Before installing the OpenCV and other dependencies, the Raspberry Pi needs to be fully updated. Use the commands given below to update the Raspberry Pi to its latest version:

sudo apt-get update

Then use the following commands to install the required dependencies for installing OpenCV on your Raspberry Pi.

sudo apt-get install libhdf5-dev -y 
sudo apt-get install libhdf5-serial-dev –y 
sudo apt-get install libatlas-base-dev –y 
sudo apt-get install libjasper-dev -y 
sudo apt-get install libqtgui4 –y
sudo apt-get install libqt4-test –y

After that, use the below command to install the OpenCV on your Raspberry Pi.

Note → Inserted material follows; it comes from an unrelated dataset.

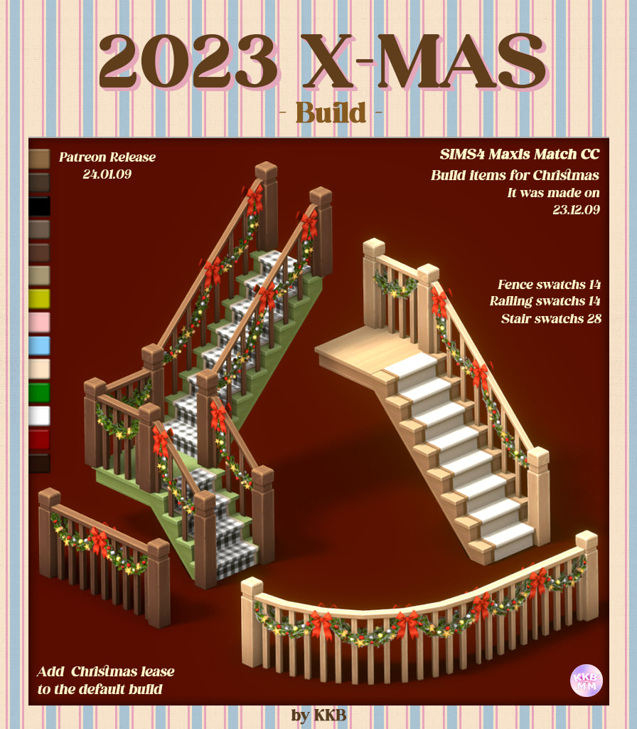 2023 X-MAS – Build by KKB is a small build set that includes a festive fence, railing and stairs. All items are base game compatible and use a Maxis match style, so they blend nicely with EA exteriors but still look more detailed and special.

pip3 install opencv-contrib-python==4.1.0.25

Installing imutils: imutils is used to make essential image processing functions such as translation, rotation, resizing, skeletonization, and displaying Matplotlib images easier with OpenCV. Use the below command to install the imutils:

pip3 install imutils

Installing Tensorflow: Use the below commands to install Tensorflow

sudo pip3 install https://github.com/lhelontra/tensorflow-on-arm/releases/download/v2.2.0/tensorflow-2.2.0-cp37-none-linux_armv7l.whl

sklearn (Scikit-learn): It is a python library that provides a range of supervised and unsupervised learning algorithms via a consistent interface in Python. Here we are going to use it for building a machine learning model that can recognize hand gestures. Use the below command to Install sklearn to Raspberry Pi.

pip3 install sklearn

SqueezeNet: It is a deep neural network model for computer vision. SqueezeNet is a smaller neural network model that is implemented on top of the Caffe deep learning framework. Here, we used SqueezeNet because of its small size and accuracy. This model is more feasible to deploy on hardware with limited memory. Install keras_squeezenet using the below command:

pip3 install keras_squeezenet

Programming Raspberry Pi for Face Mask Detection

As mentioned earlier, we are going to complete this project in three-phase. The first phase is data gathering; the second is training the Recognizer, and the third is recognizing the gesture made by the user. The project directory contains:

  • Dataset: This folder contains the images for Rock, Paper, Scissors, and nothing gesture images.
  • image.py: It is a simple python script to collect the images to build the dataset.
  • training.py: It accepts the input dataset and fine-tunes Squeezenet upon it to create our gesture detection model (game-model.h5).
  • game.py: This Rock Paper and scissors python script uses the trainer data to recognize gestures made by the user and allow Raspberry to make its move randomly.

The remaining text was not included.